*** Opening of DATA FOR THIS EXERCISE ***
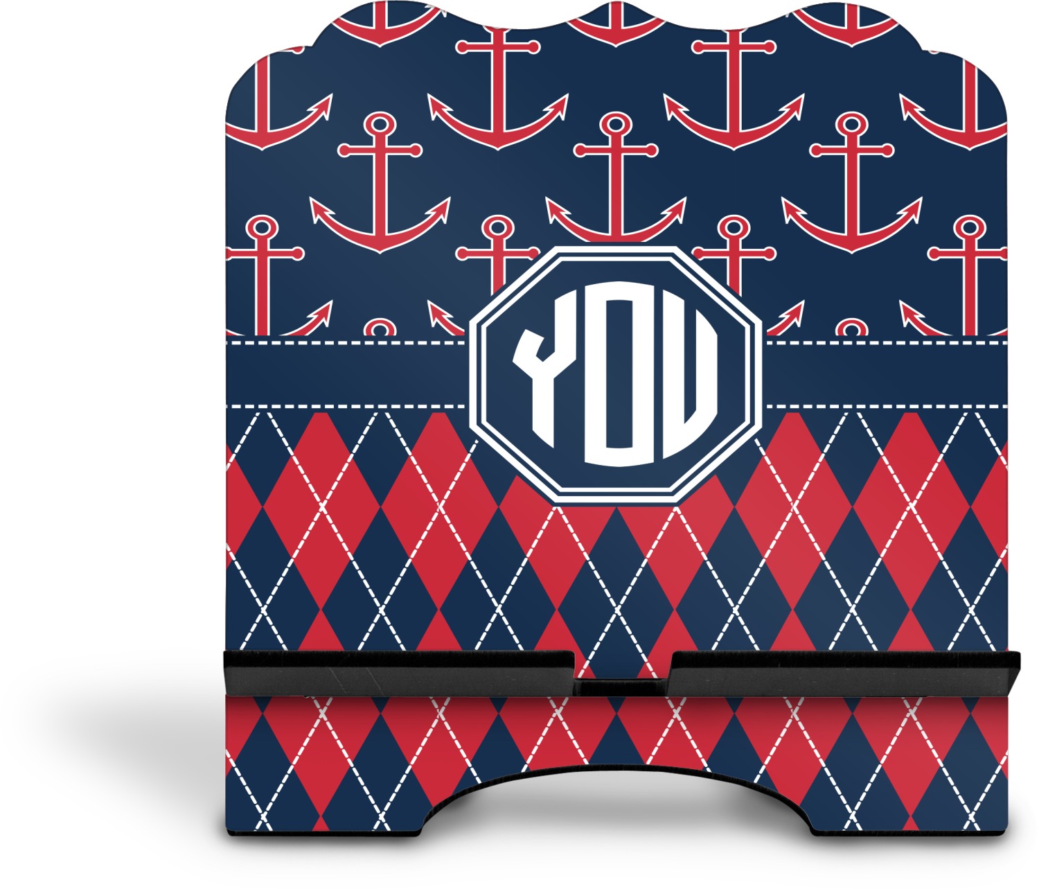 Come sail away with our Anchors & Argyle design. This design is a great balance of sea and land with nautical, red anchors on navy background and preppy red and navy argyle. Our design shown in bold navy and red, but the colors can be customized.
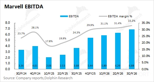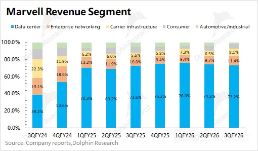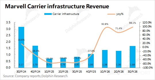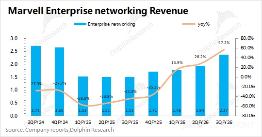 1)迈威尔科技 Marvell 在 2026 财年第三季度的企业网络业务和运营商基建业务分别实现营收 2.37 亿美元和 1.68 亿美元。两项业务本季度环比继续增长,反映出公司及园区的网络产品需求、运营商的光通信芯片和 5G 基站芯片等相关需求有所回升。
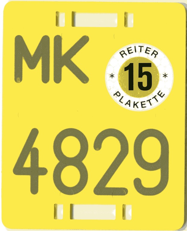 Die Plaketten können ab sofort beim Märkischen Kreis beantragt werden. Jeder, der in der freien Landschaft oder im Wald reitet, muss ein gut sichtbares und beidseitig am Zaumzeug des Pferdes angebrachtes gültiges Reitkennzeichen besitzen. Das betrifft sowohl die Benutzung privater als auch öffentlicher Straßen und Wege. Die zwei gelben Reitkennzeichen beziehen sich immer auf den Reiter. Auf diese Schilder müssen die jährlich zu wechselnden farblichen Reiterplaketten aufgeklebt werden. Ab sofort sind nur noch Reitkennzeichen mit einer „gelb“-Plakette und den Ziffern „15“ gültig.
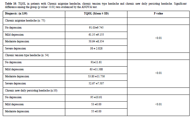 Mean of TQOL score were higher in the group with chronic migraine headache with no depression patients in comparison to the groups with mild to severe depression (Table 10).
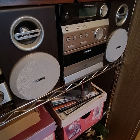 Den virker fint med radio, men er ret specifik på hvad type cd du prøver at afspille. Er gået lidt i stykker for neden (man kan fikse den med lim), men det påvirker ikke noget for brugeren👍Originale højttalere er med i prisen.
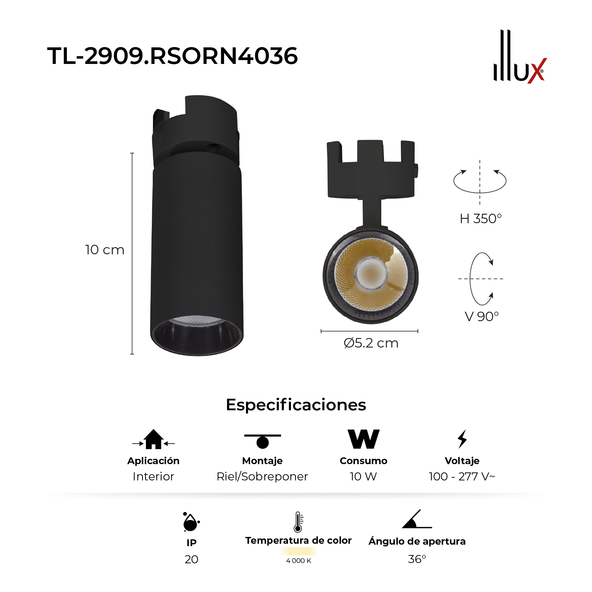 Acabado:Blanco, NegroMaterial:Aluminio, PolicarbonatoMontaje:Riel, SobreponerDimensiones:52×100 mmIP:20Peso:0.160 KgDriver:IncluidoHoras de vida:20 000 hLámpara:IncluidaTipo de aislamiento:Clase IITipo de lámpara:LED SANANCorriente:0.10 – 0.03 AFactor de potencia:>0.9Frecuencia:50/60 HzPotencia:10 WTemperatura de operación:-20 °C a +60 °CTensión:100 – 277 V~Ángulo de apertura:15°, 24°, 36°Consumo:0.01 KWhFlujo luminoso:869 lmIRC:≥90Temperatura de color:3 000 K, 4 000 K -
*** Close of DATA FOR THIS EXERCISE ***
After dropping the pictures, reproduce exactly the lines from the first line of the entries through the line containing "1)迈威尔科技 Marvell 在", both included.

● **RESULT FOR THIS EXERCISE**
 Come sail away with our Anchors & Argyle design. This design is a great balance of sea and land with nautical, red anchors on navy background and preppy red and navy argyle. Our design shown in bold navy and red, but the colors can be customized.
 1)迈威尔科技 Marvell 在 2026 财年第三季度的企业网络业务和运营商基建业务分别实现营收 2.37 亿美元和 1.68 亿美元。两项业务本季度环比继续增长,反映出公司及园区的网络产品需求、运营商的光通信芯片和 5G 基站芯片等相关需求有所回升。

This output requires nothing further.